I got an invite to over night with some new friends Monday and Tues so of course I had to go!

We hit the rigs looking for tuna but only found a couple of yellows and we hit everything from the Marlin to Nakika and even ran further west looking for fish! Tons of blackfin but yellows where scarce. I did manage a weehoo on a jig. 

With the slow tuna bite they decided to drop for swords and man did we find a good one!


----------



## Bodupp (Oct 3, 2007)

Wow!

Reeled it straight in? Never slipped the drag?


----------



## JD7.62 (Feb 13, 2008)

Bodupp said:


> Wow!
> 
> Reeled it straight in? Never slipped the drag?

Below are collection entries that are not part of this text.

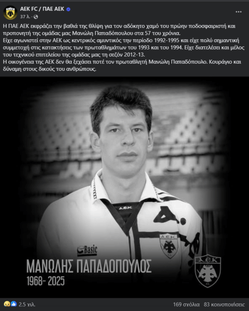 Manolis Papadopoulos died at the age of 57. He was born on April 22, 1968. As a player, he played as a central defender. He wore the jerseys of Olympiacos and Ionikos Nikaia before transferring to AEK in the summer of 1992.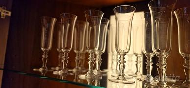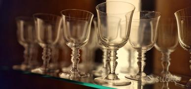 Propongo un’opportunità rara per amanti dell'arte della tavola e del cristallo di lusso: un eccezionale e completo servizio originale Baccarat, modello "Nancy" (versione liscia). Un classico intramontabile caratterizzato dal pregiato gambo lavorato ad anelli sovrapposti e dalla straordinaria brillantezza tipica della maison francese. Il set viene venduto esclusivamente come unico pacchetto indivisibile. Ho deciso di proporlo in questo formato perché è ideale per chi cerca un servizio perfetto per 12 o 18 persone, avendo già inclusa una dotazione massiccia di ricambi originali per garantire la massima tranquillità nel tempo. Il lotto è così composto (54 pezzi totali): 18 Flûte da Champagne (Tutte in condizioni impeccabili) 18 Bicchieri da Vino (Tutti in condizioni impeccabili) 18 Bicchieri da Acqua (17 in condizioni impeccabili + 1 che presenta una leggera filatura interna, che lascio in omaggio come pezzo di scorta/esposizione) Tutti i cristalli sono originali, recano il marchio autentico Baccarat inciso all'acido sulla base e sono stati conservati da me con estrema cura. Il cristallo è limpido, brillante e privo di opacizzazioni o graffi (salvo la filatura indicata). Note Importanti: Confezione: Il servizio non è provvisto delle scatole originali. Consegna: Data l'estrema fragilità e l'elevato valore del servizio, prediligo e consiglio caldamente il ritiro a mano in zona Varese. Spedizione: Valuto un’eventuale spedizione solo tramite corrieri specializzati o servizi con imballaggio professionale e assicurazione totale. Ogni costo e rischio relativo al trasporto sarà esclusivamente a carico dell'acquirente.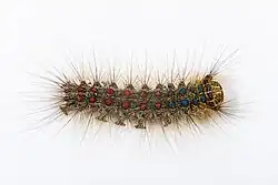 Housenka je od vylíhnutí hustě chlupatá, v prvním instaru prakticky celá černá.[10] Později se pokožka zbarvuje do šedožlutého mramorování, zpravidla s jedním až třemi světlými podélnými proužky na zádech. Výrazným znakem jsou bradavky, které vyrůstají na hřbetě ve dvou řadách. Prvních pět párů (tři hrudní a první dva zadečkové) je zbarveno modře, zbytek červeně. Z bradavek vyrůstají svazky černých štětinek.[7][10] Mohou se vyskytovat různě zbarvené formy, od zlatavě ochlupených až po výrazně tmavé až černé.[11] Hlava je u starších housenek velmi nápadná, zpravidla světle hnědá až žlutá, lehce tmavě kropenatá, se dvěma výraznými, svislými, černými pruhy v „obličejové“ oblasti.[4] Na konci vývoje mohou housenky měřit 5–8 cm,[7][10] přičemž housenky samičího pohlaví jsou zpravidla větší a světlejší.[4]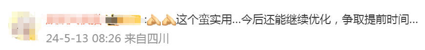 对此,有网友表示:“这个蛮实用……今后还能继续优化,争取提前时间……”“快给其他地区适配”。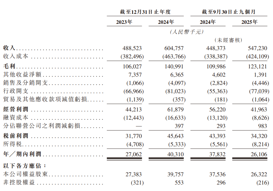 近年来,锦欣康养的营收保持稳步增长态势,但净利润却呈剧烈波动,2025年前三季度更是陷入“增收不增利”的尴尬境地。招股书显示,2023年公司实现营收4.89亿元,2024年同比增长23.8%至6.05亿元,2025年前三季度营收进一步同比增长22%至5.47亿元,三年间营收规模持续扩大。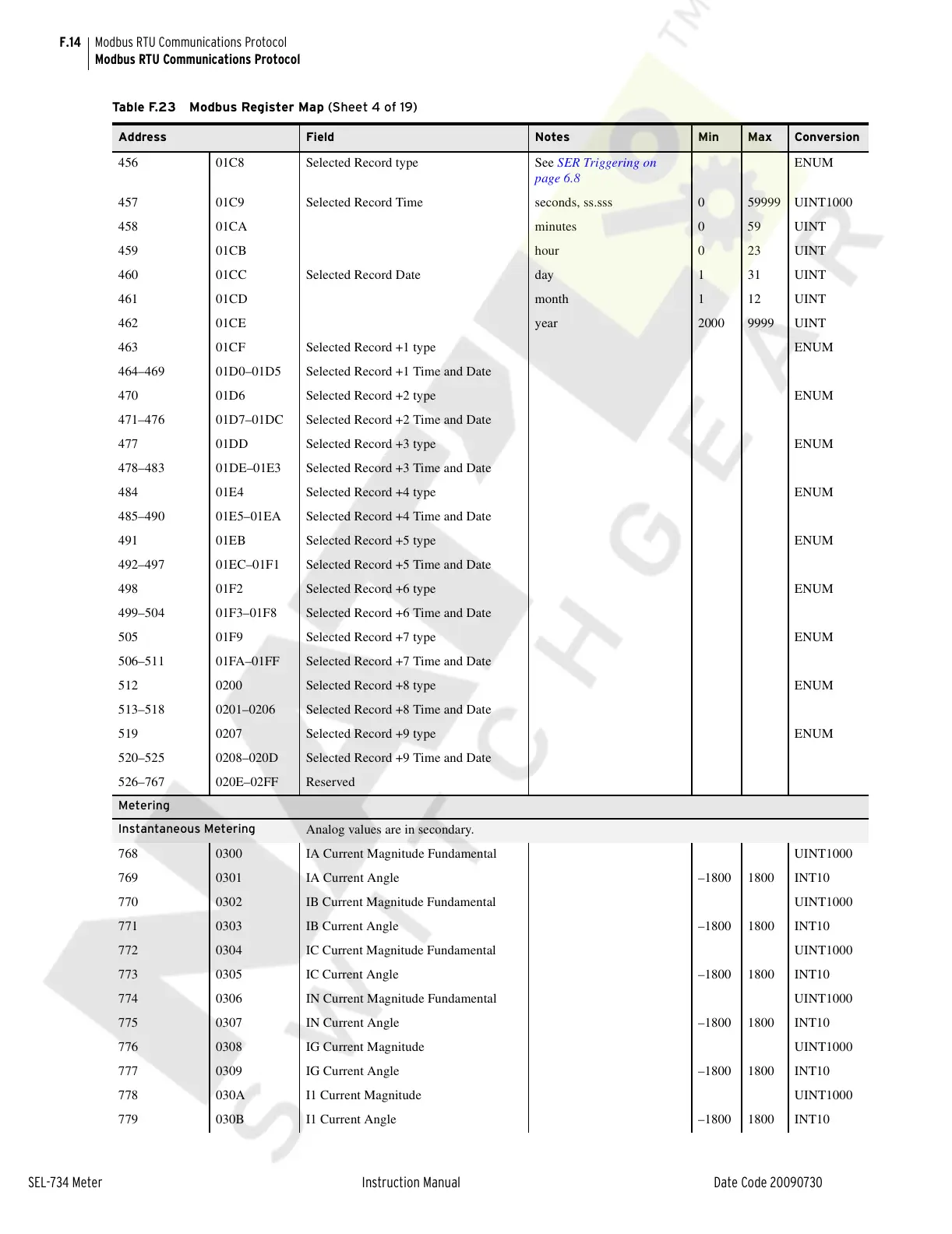 Table F.23 Modbus Register Map (Sheet 4 of 19)
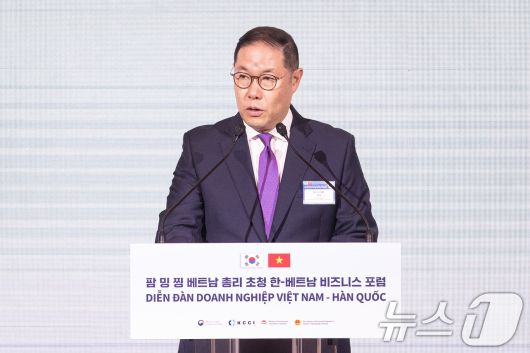 조현상 대한상의 한·베트남 경제협력위원장(효성그룹 부회장)이 지난해 7월 서울 중구 롯데호텔에서 열린 한·베트남 비즈니스 포럼에서 개회사를 하는 모습<자료사진>. 2024.7.1/뉴스1 ⓒ News1 유승관 기자 |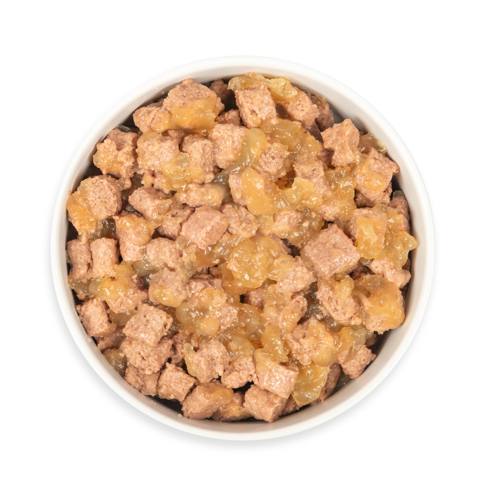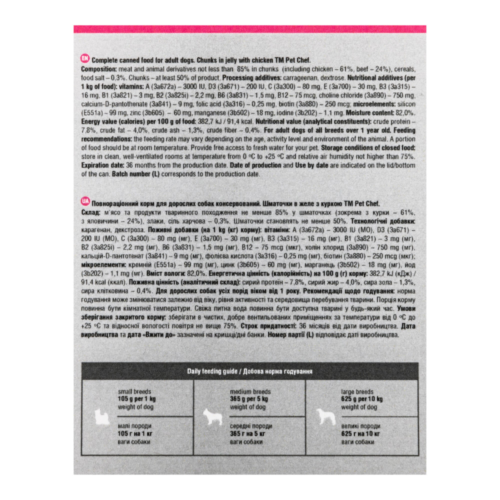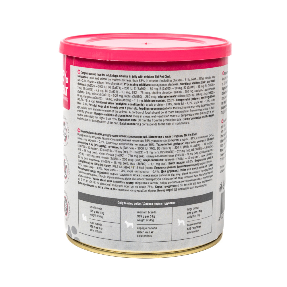 М’ясні шматочки в желе Pet Chef — це збалансований повнораціонний вологий корм для дорослих собак, який є чудовим вибором для тих, хто хоче забезпечити своїх улюбленців смачним та поживним раціоном. Кожен шматочок корму містить мінімум 85% м’ясних інгредієнтів, що задовольнить потреби тварини у білках та енергії, а також оптимальну комбінацію макро- і мікроелементів, вітамінів і амінокислот, необхідних для її розвитку та загального здоров’я. Желе підсилює апетитність, роблячи кожен шматочок надзвичайно соковитим і ароматним.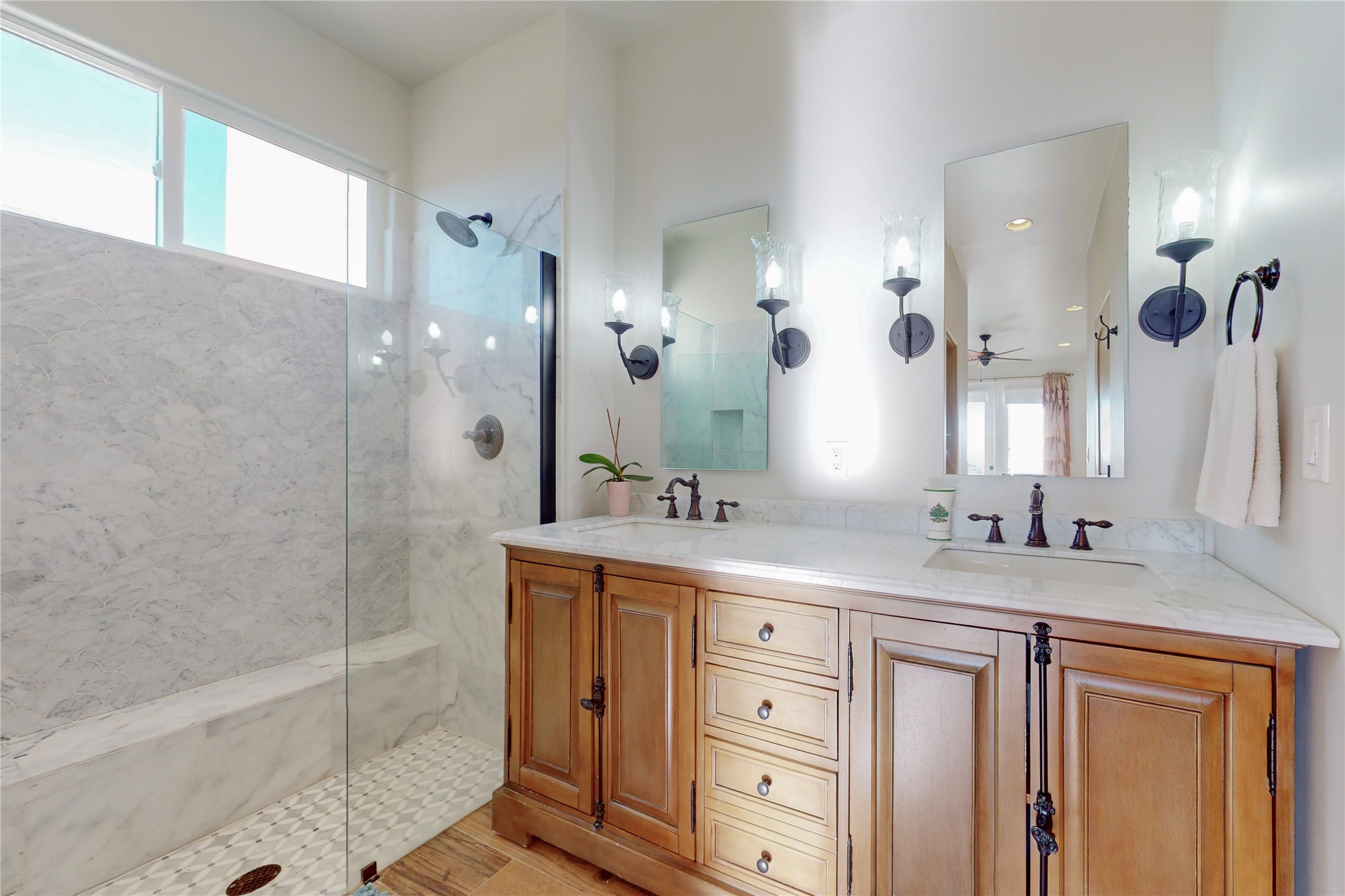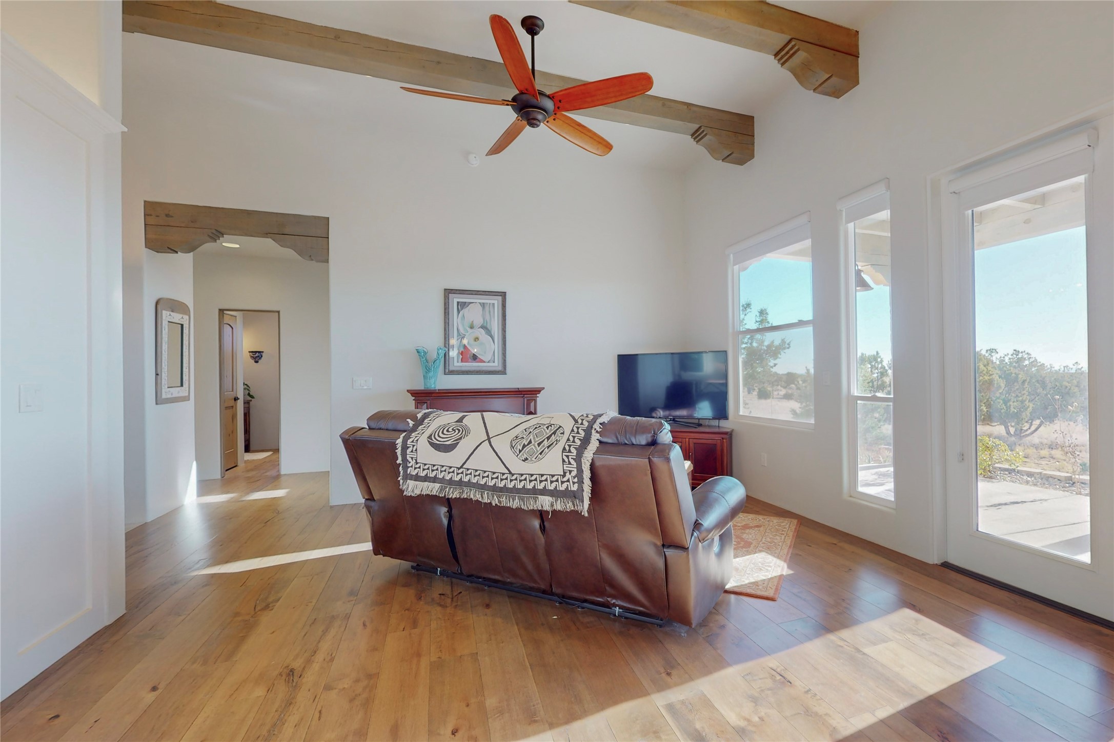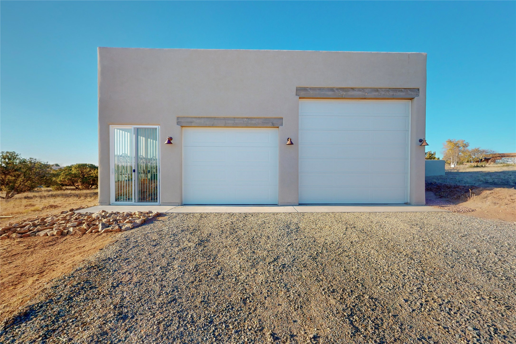 Sparkling bright "as new" 3 year old contemporary home on high corner view lot, a custom creation by Wild Sage Homes for the owners. With high ceilings and gleaming engineered wood floors throughout, this home is a perfect example of Pride of Ownership. An open plan, split bedroom design centered on a spacious great room this home was built for energy efficiency with a HERS rating of 70. Lovely long E-glass windows maximize the views and light, natural gas forced air provides efficient heating and cooling, high insulation factors make low utility bills year round. the attached finished 2 car garage includes a dedicated electrical for a freezer. An on demand gas hot water heater with a recirculating pump for instant hot water plus energy efficient upscale appliances. An 800 sqft heated RV garage with two bays and a workshop area plus a greenhouse creates space for all your hobbies and toys. This home accesses Eldorado amenities, local community activities, shopping and services plus only minutes into Santa Fe. A must see!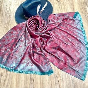 ✨ Enchanting SILK Pink and Teal SCARF/body wrap w Gypsy southwestern vibe

LoL yep, the ole Penn 4/0 with 150lb braid did the trick!


----------



## FenderBender (Oct 2, 2007)

Holy crap! Look at the size of the bill and eyeballs. That's a beast


----------



## Michael f sights (Jun 19, 2012)

Great Sword!!!


----------



## Jason (Oct 2, 2007)

Got a sword fer the mantle baby!!! That's a dern sure fine un!!!


----------



## Achim2 (Apr 25, 2011)

Dang! Dang! Congrats!


----------



## stc1993 (Nov 23, 2014)

Wow, that's a nice one.


----------



## YakAttack (Oct 8, 2007)

There you go bragging on the size of your sword again.
Nice fish!!!


----------



## how2fish (Jan 21, 2008)

Damn fine fish Congrats !! :notworthy:


----------



## osborne311 (Aug 1, 2011)

Very Nice!!


----------



## WhyMe (Apr 21, 2013)

Damn. Great job. About a three hour fight?
Whyme


----------



## fishsticker (Jan 11, 2009)

That's a slob for sure. Nice fish.


----------



## my3nme (Oct 9, 2007)

Great fish, congrats


----------



## Schizknit (Jun 17, 2013)

Jealous, amazing pic man.


----------



## jcasey (Oct 12, 2007)

Nice! Sword is on my bucket list.


----------



## Fishmancharmerh (Jul 2, 2013)

Great catch, but on a 4/0 Penn with 150 lb test hard to believe.


----------



## Big E Nuff (Oct 4, 2007)

Fishmancharmerh said:


> Great catch, but on a 4/0 Penn with 150 lb test hard to believe.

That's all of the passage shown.